De la bonne vulgarisation scientifique, mais qui en dit peut-être plus long sur l’épistémologie de la science moderne qu’un traité savant : la biologiste assume, avec entrain, de raconter la digestion avec force personnages (les sucs, les bactéries, les différents organes) et péripéties (le dialogue des deux sphincters pour l’expulsion de matière fécale, avec Monsieur Cerveau à l’arrière-plan). Chaque acteur a son rôle, chaque organe, microorganisme ou molécule a sa fonction, constituant une trame narrative où pénètre la part de tarte aux fraises, pour en ressortir digérer. On dévoile les astuces (le trou de l’œsophage dans l’estomac un peu décalé), on s’apitoie sur les êtres méconnus ou délaissés (les amygdales, l’appendice) pour leur redonner leurs lettres de noblesse, leur place dans l’histoire.

La métaphore principale me semble rester celle du mécanisme : des emboitements de processus, le traitement algorithmique des aliments, avec quelques ratés nécessitant l’intervention du mécanicien. L’usine cellulaire, mais sans pousser l’anthropomorphisme jusqu’à la culture de l’organisation, son investissement symbolique. Elle aborde, par la bande, la dimension disant psychologique, symbolique de ce qu’on « digère » plus ou moins bien (page 103 : l’inconscient, c’est l’organique sans sensation directe).
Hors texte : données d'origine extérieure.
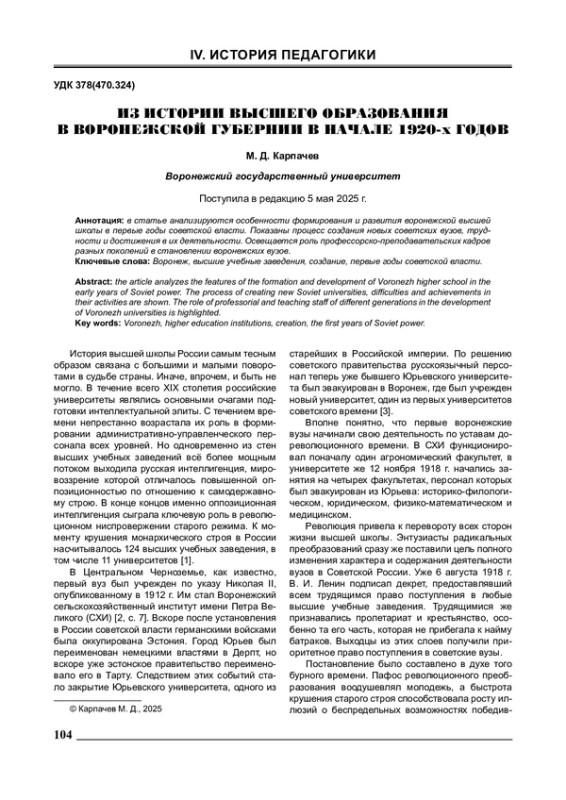Статья: ИЗ ИСТОРИИ ВЫСШЕГО ОБРАЗОВАНИЯ В ВОРОНЕЖСКОЙ ГУБЕРНИИ В НАЧАЛЕ 1920-Х ГОДОВ
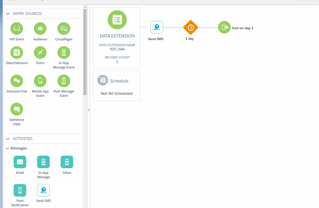 Cuando el Journey se ejecute y llegue a esa acción se enviará el SMS.
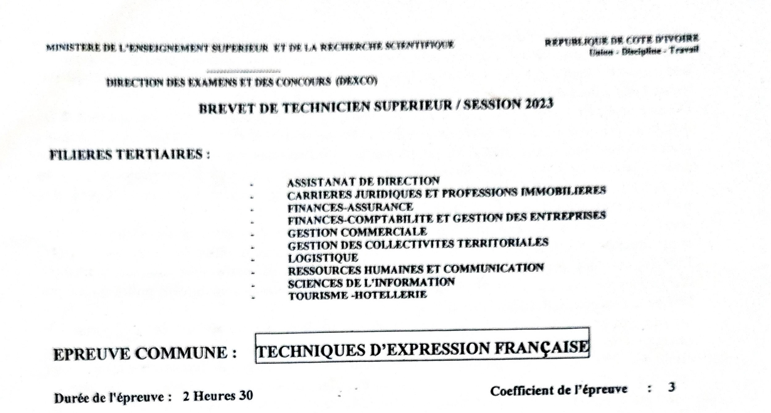 BTS TH TECHNIQUES DEXPRESSION FRANCAISE Session 2023
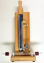 - column (part of a thermometer or barometer: a thin tube filled with a liquid substance, usually mercury)
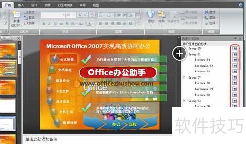 单击任一对象或形状可视化图标,该形状即在幻灯片中隐藏,便于灵活分层管理对象,并对可见元素进行操作。
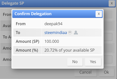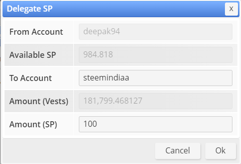 - I just give the example where I delegate 100 SP to #steemindiaa Comunity.
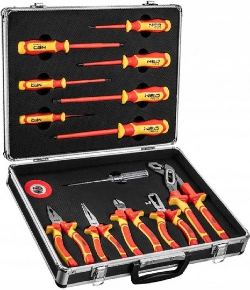 Sada kleští a šroubováků 1000V, 13 ks., rukojeť ze dvou materiálů, kleště z oceli CrV, šroubováky z oceli S2, certifikát TÜV, 7 ks šroubováků: PH0*3*60 mm, PH2*6*100 mm, PH1*4,5*80 mm, 1,8*8*175 mm, 1,0*5,5*125 mm, 0,8*4*100 mm, 1,0*6,5*150 mm, 1 ks. 160 mm kombinované kleště1 ks. 160 mm boční frézy1 ks. 160 mm kombinované kleště1 ks. Izolační kleště 160 mm, 1 ks. 10"" kleště na trubky,1 ks.190 mm elektrikářská zkoušečka 1000V Sada nářadí NEO (č. 01-234) obsahuje 13 prvků: včetně šroubováků a kleští. Testováno pro práci pod napětím až 1000 V. Čepele šroubováků jsou vyrobeny z extrémně odolné chrom-molybdenové oceli. Čelisti kleští jsou kované z chrom-vanadiové oceli. Dvě materiálové ergonomické rukojeti zvyšují pohodlí při práci. Spolehlivost výrobku potvrzuje 25letá záruka. Značka NEO splňuje očekávání profesionálů.
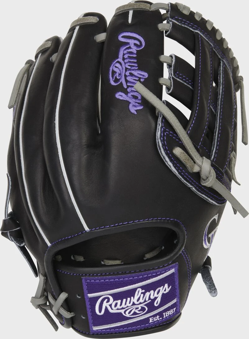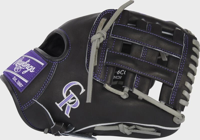 This unique HOH infield glove features a classic black design accented perfectly by the gray accents and Rockies logo embroidered on the thumb. As a result, this glove is a top-notch gamer, and the perfect addition to our MLB Team logo glove collection great for any collector too! The 11.5-inch glove was constructed in our 200 pattern, popular for it’s deep, round pocket promoting lightning fast ball transfers and great versatility across the infield. It also has our popular Pro H-web preferred by many of the best infielders.
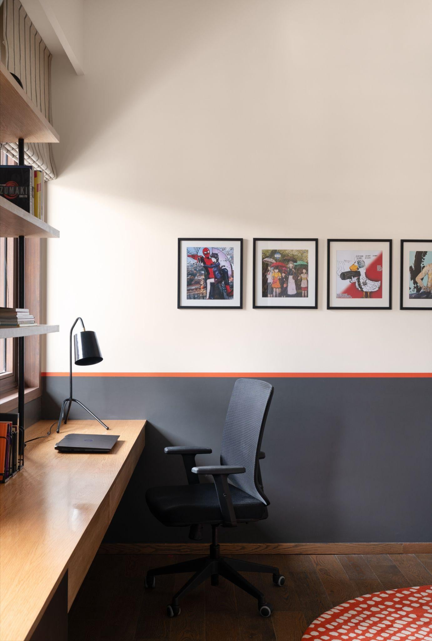Không gian bàn học tối giản với mặt bàn gỗ dài, ghế công thái học và loạt tranh khung đen treo ngang tạo điểm nhấn vui tươi. Cách phối tường hai màu xám - kem cùng đường line cam giúp không gian trẻ trung, tập trung nhưng vẫn có cá tính
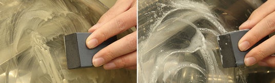 水を付けて研磨を繰り返すと、右写真のように黄ばみがなくなります
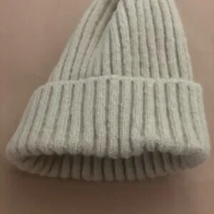 Stay warm with this cozy ribbed knit beanie. Soft and stylish in a light gray color.
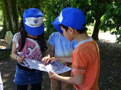 京都府立植物園では,班に分かれてオリエンテーリングをしました。各班で,地図を見ながらチェックポイントに向かいました。
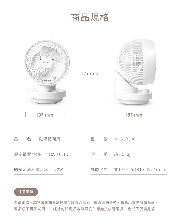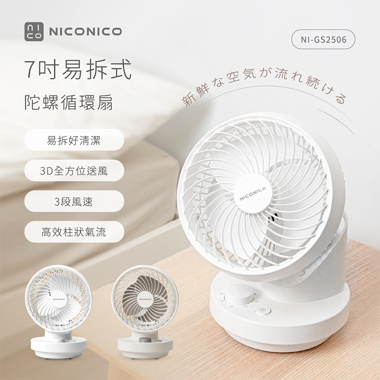 【NICONICO】易拆式陀螺循環扇NI-GS2506
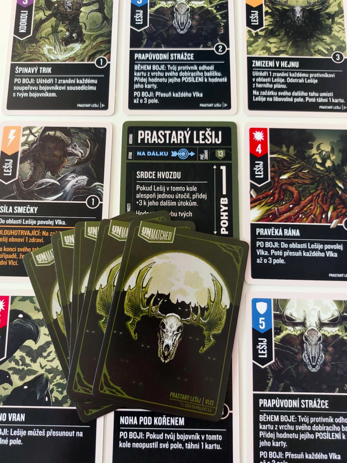 Nyní si určitě říkáte, tak tohle je 9/10, nebo dáš rovnou 10, protože jsi už tu Ciri versus Geralt odpustil, ne? Bohužel dámičáci a páničákové, těch nedostatků je tu více. Ačkoliv se to z recenze zdát nemusí, je to vcelku složitá desková hra a byť jsou pravidla velice dobře připravená a napsaná, trvalo mi neskutečně dlouho se do hry dostat. Nicméně to je stále takový malý detail. Tím, co mi vadilo nejvíc, je nevyužitý potenciál pomocníků. Jak jsem psal výše, jsou spíše podpora, u Lešije sice pomalu hlavní útočná síla, přesto s nimi můžete mít nějaké ty plány. Bohužel, pokud se soupeři podaří vás udolat dříve, pomocníci padnou s vámi, což bych možná pochopil u magického Lešije, ale Marigold si vesele žije dál a ten jednorožec by měl též. Alespoň ten jeden tah navíc, kde byste mohli dokončit svůj mistrovský plán. Ale víte co, já tomu odpouštím, protože pokud chápu správně, všechny díly Unmatched se dají vzájemně kombinovat, a to je masakr.
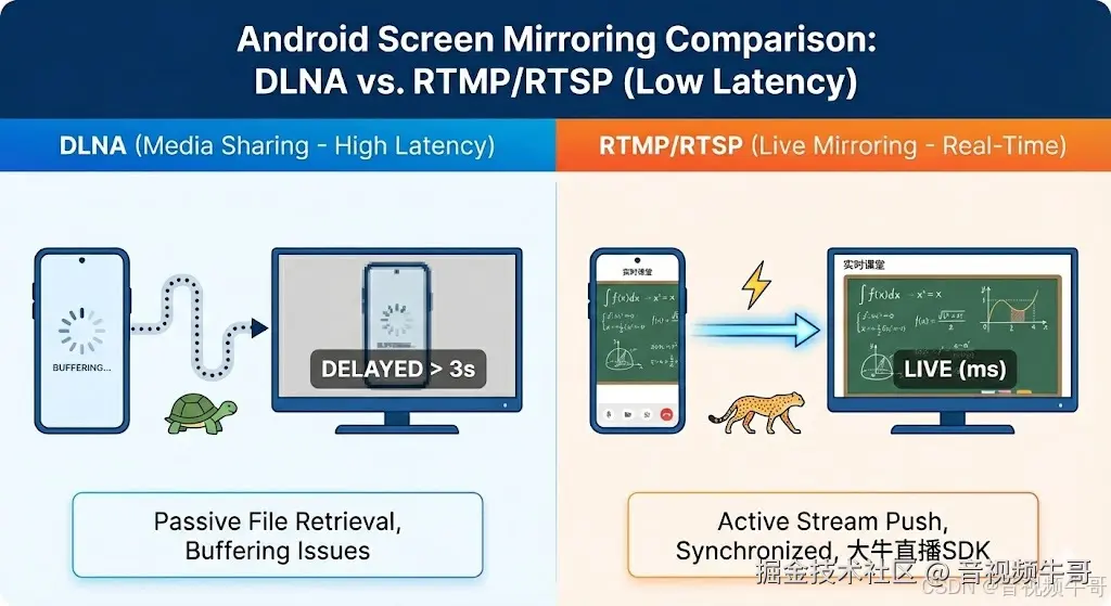 这就是 RTMP/RTSP 在同屏领域长期碾压 DLNA 的根本原因,也是越来越多开发者选择大牛直播SDK的核心动力。

Du ravage de la notion de greffe : les organes sont-ils vraiment interchangeables ? Ou encore de l’approche médicamenteuse : on administre un même produit à l’ensemble du corps.

De l’unité corporelle : un seul système digestif, qui définit un individu. Rappel sur le développement embryonnaire (pages 20 et 21) : agencements de trois tubes (système sanguin, nerveux et digestif).

https://www.actes-sud.fr/catalogue/sciences-humaines-et-sociales-sciences/le-charme-discret-de-lintestin

Classer nos manières de parler, classer les gens

Malo Morvan, éditions du commun, 2022

Démontage (déconstruction) minutieux, précis et efficace de la langue (française, bretonne, etc.), dans une approche surtout sociolinguistique, donc en intégrant une lecture sociale : il n’y a pas de « locutorat » homogène du « français », quel que soit le périmètre plus ou moins restreint donné à ce mot ; il y a toujours des usages sociopolitiques de la définition de la langue, et des démarches normatives ; les êtres sociaux regimbent toujours aux catégorisations savantes ou politiques, l’utilisation ordinaire d’une langue étant d’abord pragmatique et créative.
L’écriture prend des tournures d’un manuel, avec beaucoup de listes d’arguments, avec aussi le souci de la réflexivité (c’est même à la conclusion : quel usage de la langue dans un tel travail universitaire et éditorial ?).
Et puis l’impression d’enfoncer des portes ouvertes, pour redécouvrir le langage ordinaire sous les représentations savantes, académiques : lui-même écrit plusieurs fois sous le contrôle de ce qui va de soi quand on regarde la vraie vie : bien sûr que les gens ne respectent pas les normes des prescriptions, pas plus les linguistiques que les autres.